Source records:
......

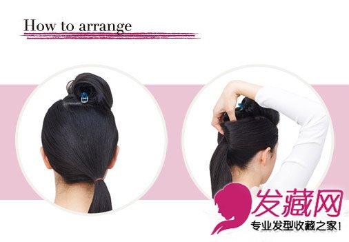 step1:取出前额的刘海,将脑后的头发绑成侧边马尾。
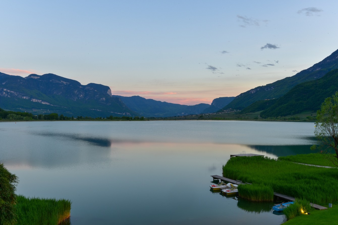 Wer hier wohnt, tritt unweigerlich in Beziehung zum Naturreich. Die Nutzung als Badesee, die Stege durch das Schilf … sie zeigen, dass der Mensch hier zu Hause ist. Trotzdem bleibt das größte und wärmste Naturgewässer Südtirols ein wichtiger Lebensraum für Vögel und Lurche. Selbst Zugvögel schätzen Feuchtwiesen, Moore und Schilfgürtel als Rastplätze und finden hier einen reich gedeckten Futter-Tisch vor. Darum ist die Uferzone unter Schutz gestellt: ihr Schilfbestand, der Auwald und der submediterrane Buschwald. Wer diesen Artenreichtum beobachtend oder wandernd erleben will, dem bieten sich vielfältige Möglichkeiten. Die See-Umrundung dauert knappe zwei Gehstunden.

......

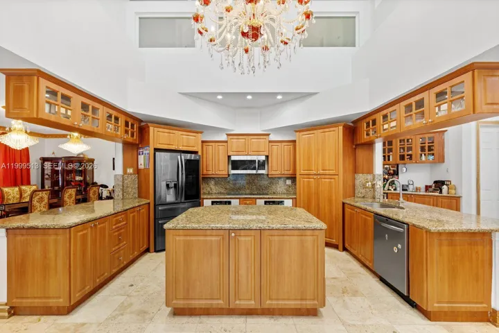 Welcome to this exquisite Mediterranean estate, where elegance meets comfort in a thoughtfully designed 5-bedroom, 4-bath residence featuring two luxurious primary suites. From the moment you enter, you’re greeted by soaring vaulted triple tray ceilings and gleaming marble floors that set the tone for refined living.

......

Activity: Every line from the one with "step1:取出前额的刘海,将脑后的头发绑成侧边马尾。" through the one with "Wer hier wohnt, tritt" is to be reproduced exactly as written above, and the pictures are to be dropped.

Reply to the exercise:
 step1:取出前额的刘海,将脑后的头发绑成侧边马尾。
 Wer hier wohnt, tritt unweigerlich in Beziehung zum Naturreich. Die Nutzung als Badesee, die Stege durch das Schilf … sie zeigen, dass der Mensch hier zu Hause ist. Trotzdem bleibt das größte und wärmste Naturgewässer Südtirols ein wichtiger Lebensraum für Vögel und Lurche. Selbst Zugvögel schätzen Feuchtwiesen, Moore und Schilfgürtel als Rastplätze und finden hier einen reich gedeckten Futter-Tisch vor. Darum ist die Uferzone unter Schutz gestellt: ihr Schilfbestand, der Auwald und der submediterrane Buschwald. Wer diesen Artenreichtum beobachtend oder wandernd erleben will, dem bieten sich vielfältige Möglichkeiten. Die See-Umrundung dauert knappe zwei Gehstunden.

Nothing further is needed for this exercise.